Election day had finally arrived, and the traffic of conversation was in Patrick’s favor. When it came time to vote, I was filled with the satisfaction of seeing his name on the ballot, and checking off his name reminded me of the confidence that he had previously displayed during our first encounter. I did not know if he could come through with that claim, but I knew that he had overcome my expectations. As the votes were tallied, I sat in an uncomfortable silence, as I sometimes did, although this time it was replaced with a nervous churning that brewed inside me. I am sure it must have been even more painful for Patrick, and my apathy only further contributed to my discomfort. At the end of the day, the ringing bell from the overhead speakers made my heart sink, as I knew this was the moment. The monotonous administrator on the intercom system, announcing the results of the election. I felt like I could hear my heartbeat, and its intensity was increasing. It may have been the fact that Patrick was my only true friend, but I felt connected in some way; I was awed by his persistence and his desire for success. The announcement continued, and at last, the result my mind was craving was announced.
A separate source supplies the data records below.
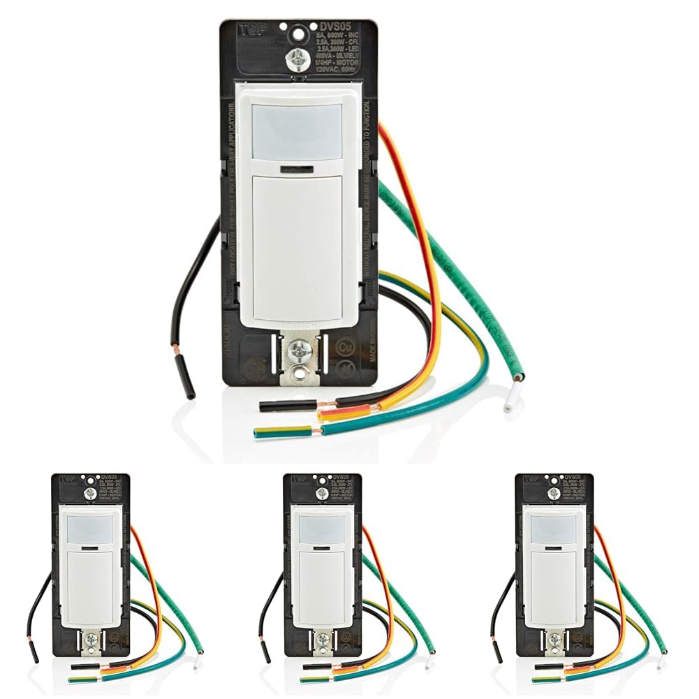 Leviton Motion Sensor Light Switch, Motion Activated, Auto-On/Auto-Off or Manual-On, 5A, No Neutral Wire Required, Single Pole or 3-Way, DOS05-1LZ, White/Ivory/Light Almond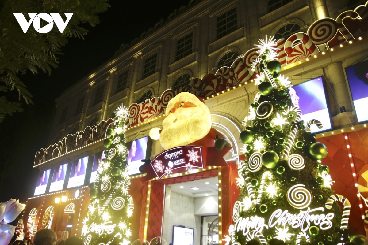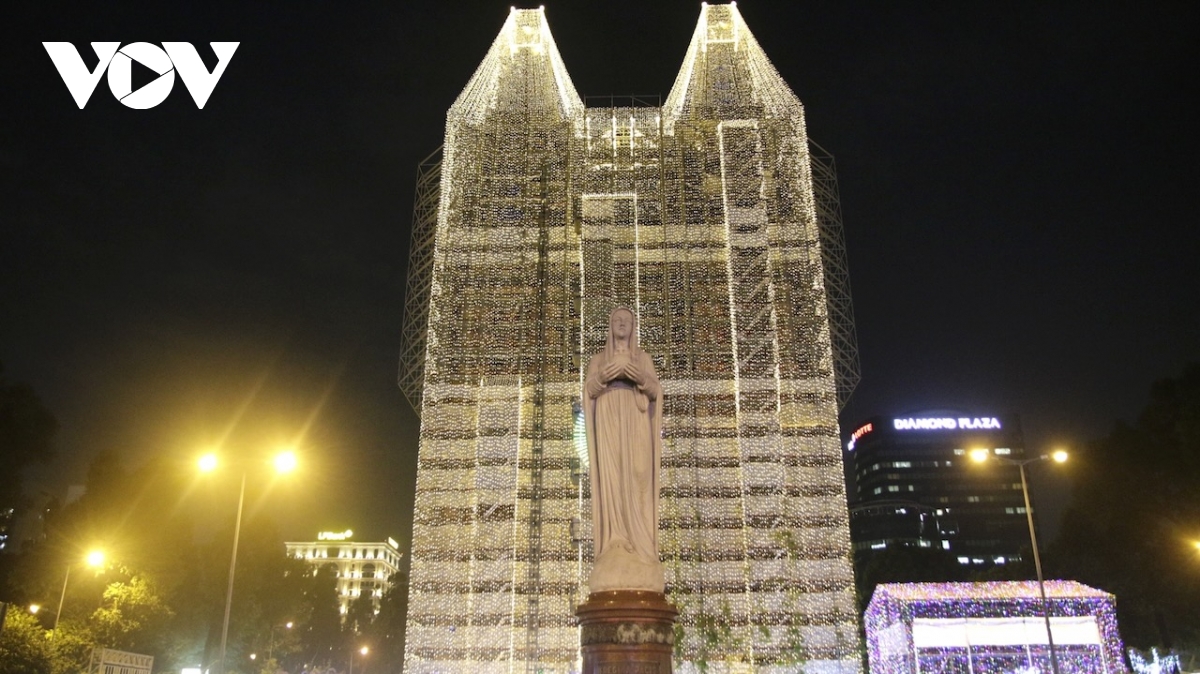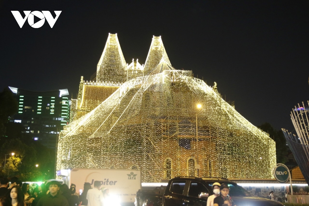 Nhà thờ Đức Bà rực rỡ khi được thắp sáng bằng hệ thống đèn LED, tạo nên khung cảnh Giáng sinh lung linh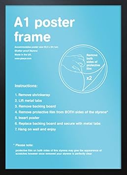 FRONT: Aufgrund der Größe hat der Bilderrahmen A1 eine Scheibe aus bruchsicherem Plexiglas. Um Kratzer zu vermeiden sind beide Seiten mit einem Schutzfilm versehen. Bitte entfernen Sie diesen von BEIDEN Seiten.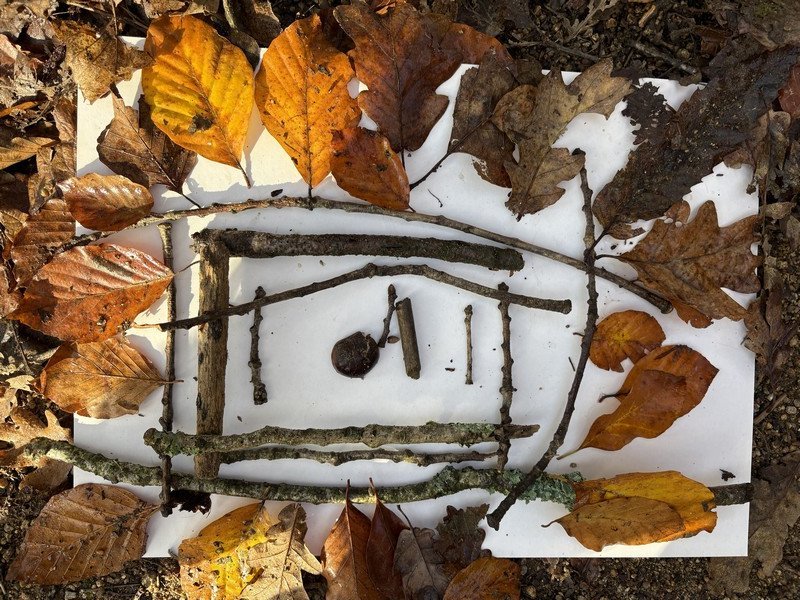 Nous avons pu remarquer les feuilles, les châtaignes et les bogues, des pommes de pin, des fougères, des glands et des bouts de bois pour réaliser des compositions en Land’Art ou compléter des tableaux pour dénombrer.
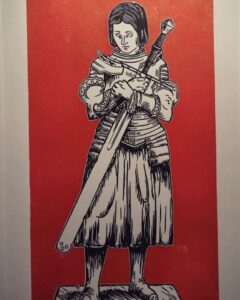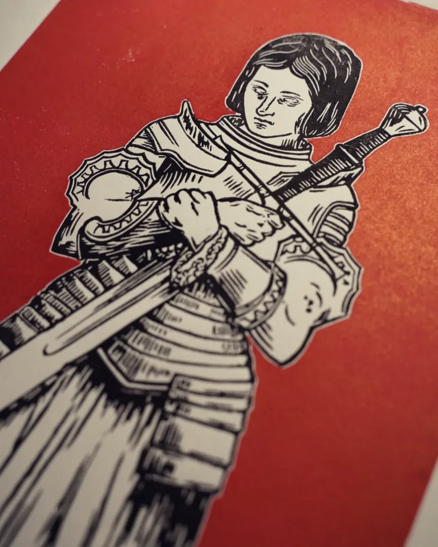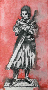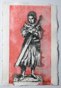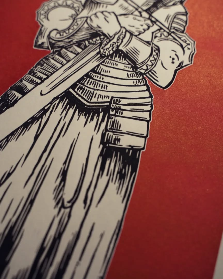 Der Linoldruck „Dike“ zeigt die Gerechtigkeit nicht als abstraktes Ideal, sondern als geerdete, stille Kriegerin. In einer Haltung, die mehr Demut als Triumph ausstrahlt, hält sie das Richtschwert vor sich – nicht zum Angriff erhoben, sondern als Zeichen innerer Prüfung. Die Anlehnung an historische Darstellungen, gepaart mit der klaren, reduzierten Farbigkeit – Goldschimmer im satten Rot und Schwarz – verleiht der Szene eine ikonische Schärfe.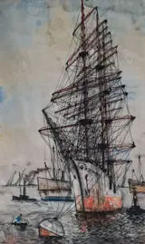 Het merendeel van de werken van Wim Bosillustreren de zeescheepvaart en de haven van Rotterdam. De kunstenaar Wim Bos woonde en werkte o.a. in Rotterdam, Brussel, Antwerpen en Parijs. Wim Bos ontwikkelde hierbij een eigen impressionistische stijl.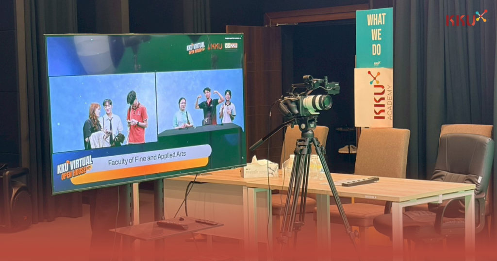This learning session formed part of the Digital Content course, which focuses on transitioning theory into practical application and the creation of tangible outputs. The KKU Academy staff guided the students through the studio used for course production, provided instruction on the use of cameras and various equipment, and offered an observation of the production preparations for the upcoming live-streamed KKU Virtual Openhouse, which is an important activity designed to publicise and provide guidance on degree programmes accepting international students, featuring lecturers and representatives from various faculties across the University, scheduled to take place at the KKU Academy’s facilities on the 9th Floor of the Information Building, Khon Kaen University.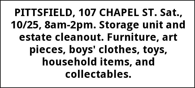 PITTSFIELD, 107 CHAPEL ST. Sat., 10/25, 8am-2pm. Storage unit and estate cleanout. Furniture, art pieces, boys' clothes, toys, household items, and collectables.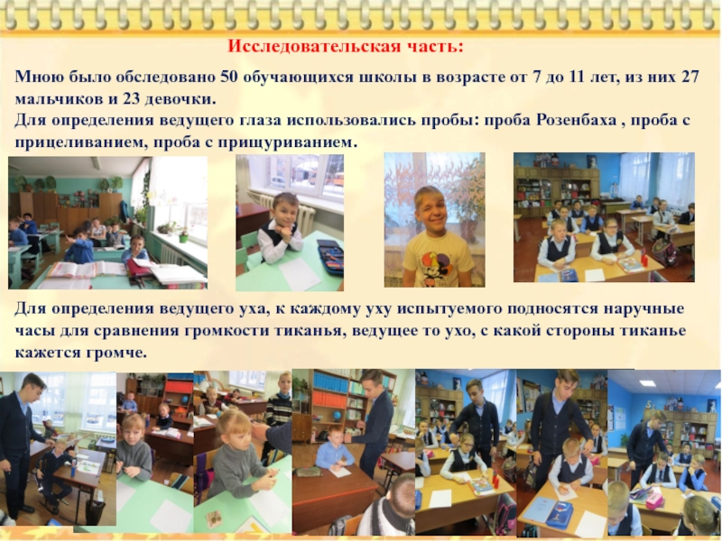 Для определения ведущего уха, к каждому уху испытуемого подносятся наручные часы для сравнения громкости тиканья, ведущее то ухо, с какой стороны тиканье кажется громче.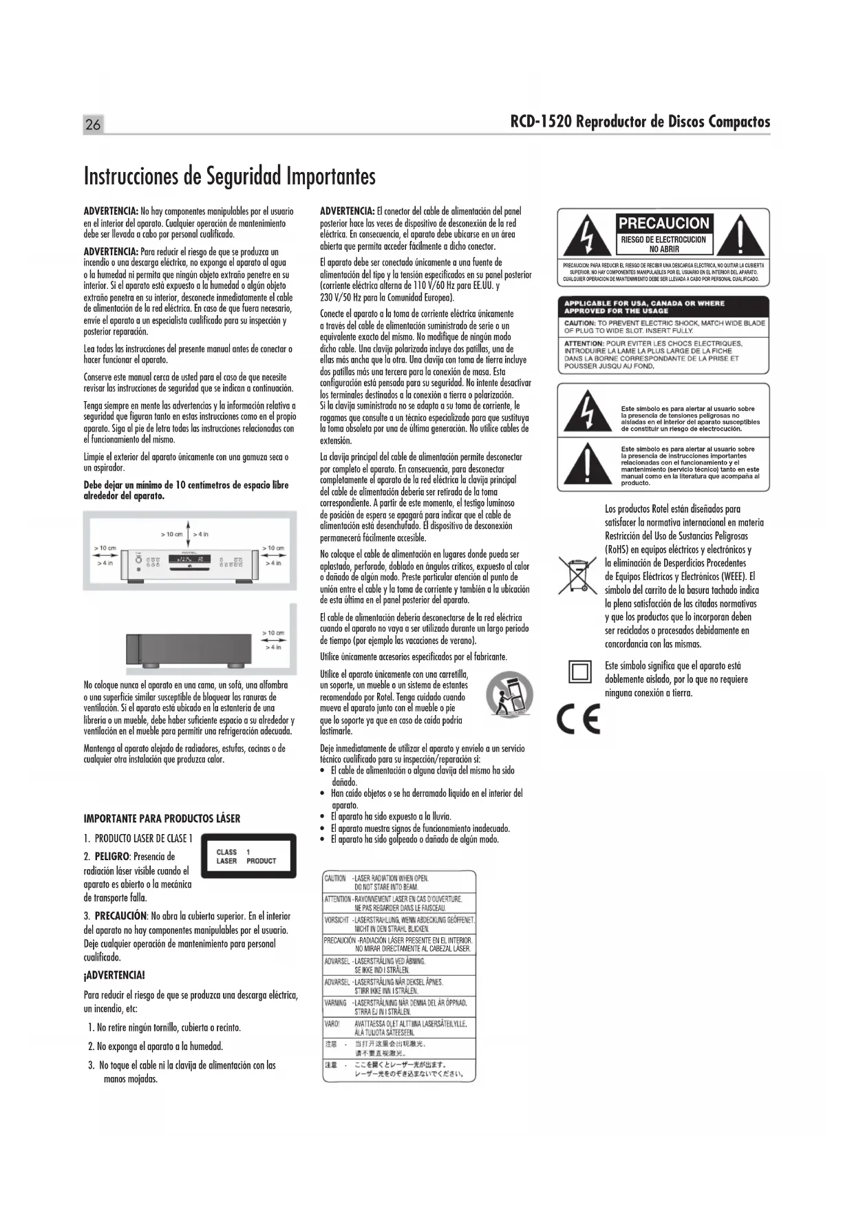Normalerweise zeigt der RCD-1520 die abgelaufene Spieldauer des laufenden Titels an. Über die TIME-Taste haben Sie nun die Möglich- keit, weitere Zeitanzeigen aufzurufen. Drücken Sie die TIME-Taste einmal, so wird im Display die verbleibende Spieldauer von der jeweiligen Wiedergabeposition bis zum Ende des laufenden Titels angezeigt. Wird die TIME-Taste ein zweites Mal gedrückt, erscheint die auf der gesamten Disc (oder die vom gespeicherten Programm) verbleibende Zeit. Erscheinen die alternativen Zeitanzeigen, wird das Icon „R“ im Display angezeigt. Drücken Sie die TIME-Taste ein drittes Mal, so sehen Sie im Display wiederum die abgelaufene Spieldauer des laufenden Titels. HINWEIS: Bei der Wiedergabe von MP3‑ und WMA‑Discs können nur die abgelaufene Spieldauer und die verbleibende Spieldauer des aktuellen Titels angezeigt werden. Bei Störungen Tritt eine scheinbare Fehlfunktion auf, sollten zuerst die nachstehend aufgeführten Punkte überprüft werden. Viele Probleme beruhen auf einfachen Bedienungsfehlern oder fehlerhaften Anschlüssen. Lässt sich das Problem nicht beheben, wenden Sie sich bitte an Ihren autorisier- ten Rotel-Fachhändler. Die POWER-Anzeige leuchtet nicht Bei ordnungsgemäßem Betrieb beginnen die POWER-Anzeige und die grundlegenden Bereiche im Displayfenster zu leuchten, wenn der RCD-1520 an eine stromführende Wandsteckdose angeschlossen ist und der POWER-Schalter gedrückt wird. Leuchten sie nicht, prüfen Sie mit einem anderen elektrischen Verbraucher, z.B. einer Lampe, ob die Steckdose tatsächlich Strom führt. Prüfen Sie, ob der Strom nicht durch einen dazwischen sitzenden Schalter abgeschaltet worden ist.25 Deutsch Technische Daten THD + Rauschen (bei 1 kHz) 0,0045 % Intermodulationsverzerrung (bei 1 kHz) 0,0045 % Frequenzgang (+/‑0,5 dB) 20 – 20.000 Hz Kanalgleichgewicht +/-0,5 dB Phasenlinearität +/-0,5 Grad Kanaltrennung (bei 1 kHz) >98 dB Geräuschspannungsabstand >100 dB Dynamikbereich >96 dB D/A-Wandler Wolfson Gleichlaufschwankungen quarzstabilisiert Ausgangsimpedanz 100 Ohm Digitalausgang (koaxial) 0,5 Volt, Spitze/Spitze Impedanz (Digitalausgang) 75 Ohm Stromversorgung Europa: 230 V, 50 Hz USA: 120 V, 60 Hz Leistungsaufnahme 20 Watt Abmessungen (B x H x T) 431 x 99 x 320 mm Höhe der Gerätefront (für Rack‑Einbau) 88,1 mm Nettogewicht 6,5 kg Diese Bedienungsanleitung entspricht dem technischen Stand bei Drucklegung. Änderungen in Technik und Ausstattung vorbehalten. Rotel und das Rotel HiFi-Logo sind eingetragene Warenzeichen von The Rotel Co. Ltd., Tokio, Japan. Austauschen der Sicherung Funktioniert ein anderes elektrisches Gerät und der RCD-1520 nicht, so kann dies ein Hinweis darauf sein, dass die Grobsicherung im Gehäuseinnern durchgebrannt ist. Trennen Sie das Gerät vom Netz und lassen Sie die Sicherung von Ihrem autorisierten Rotel-Fachhändler auswechseln. Kein Ton Prüfen Sie, ob die Kabel zwischen dem RCD-1520 und dem Verstärker ordnungsgemäß angeschlossen sind. Stellen Sie sicher, dass der RCD- 1520 am Verstärker als Signalquelle eingestellt wurde. Vergewissern Sie sich, dass das Tape-Monitor-System des Verstärkers nicht aktiviert ist. Prüfen Sie alle Verbindungskabel zwischen dem Verstärker und den Lautsprechern.26 RCD-1520 Reproductor de Discos Compactos ADVERTENCIA: No hay componentes manipulables por el usuario en el interior del aparato. Cualquier operación de mantenimiento debe ser llevada a cabo por personal cualificado.ADVERTENCIA: Para reducir el riesgo de que se produzca un incendio o una descarga eléctrica, no exponga el aparato al agua o la humedad ni permita que ningún objeto extraño penetre en su interior. Si el aparato está expuesto a la humedad o algún objeto extraño penetra en su interior, desconecte inmediatamente el cable de alimentación de la red eléctrica. En caso de que fuera necesario, envíe el aparato a un especialista cualificado para su inspección y posterior reparación. Lea todas las instrucciones del presente manual antes de conectar o hacer funcionar el aparato. Conserve este manual cerca de usted para el caso de que necesite revisar las instrucciones de seguridad que se indican a continuación. Tenga siempre en mente las advertencias y la información relativa a seguridad que figuran tanto en estas instrucciones como en el propio aparato. Siga al pie de letra todas las instrucciones relacionadas con el funcionamiento del mismo.Limpie el exterior del aparato únicamente con una gamuza seca o un aspirador.Debe dejar un mínimo de 10 centímetros de espacio libre alrededor del aparato. No coloque nunca el aparato en una cama, un sofá, una alfombra o una superficie similar susceptible de bloquear las ranuras de ventilación. Si el aparato está ubicado en la estantería de una librería o un mueble, debe haber suficiente espacio a su alrededor y ventilación en el mueble para permitir una refrigeración adecuada. Mantenga al aparato alejado de radiadores, estufas, cocinas o de cualquier otra instalación que produzca calor. Los productos Rotel están diseñados para satisfacer la normativa internacional en materia Restricción del Uso de Sustancias Peligrosas (RoHS) en equipos eléctricos y electrónicos y la eliminación de Desperdicios Procedentes de Equipos Eléctricos y Electrónicos (WEEE). El símbolo del carrito de la basura tachado indica la plena satisfacción de las citadas normativas y que los productos que lo incorporan deben ser reciclados o procesados debidamente en concordancia con las mismas. Este símbolo significa que el aparato está doblemente aislado, por lo que no requiere ninguna conexión a tierra. Instrucciones de Seguridad Importantes ADVERTENCIA: El conector del cable de alimentación del panel posterior hace las veces de dispositivo de desconexión de la red eléctrica. En consecuencia, el aparato debe ubicarse en un área abierta que permita acceder fácilmente a dicho conector.El aparato debe ser conectado únicamente a una fuente de ali

“..and for the Freshman class President this year, the winner is Patrick Carter.”
My heart skipped a beat. I failed to process what I had just heard for a moment, and when I realized the significance of the statement, I cheered. My veins pumped with adrenaline, and I was so overpowered with joy that I failed to realize that I had shouted out loud, and was encountered with the staring faces of the class. Instinctively, I looked at the seat next to me, expecting to see an equally excited Patrick staring back at me. The chair, however, was empty. I was in English class. Without reason, I turned to the door, and waited for Patrick to stride in, like he had so often before, and take the empty seat next to me.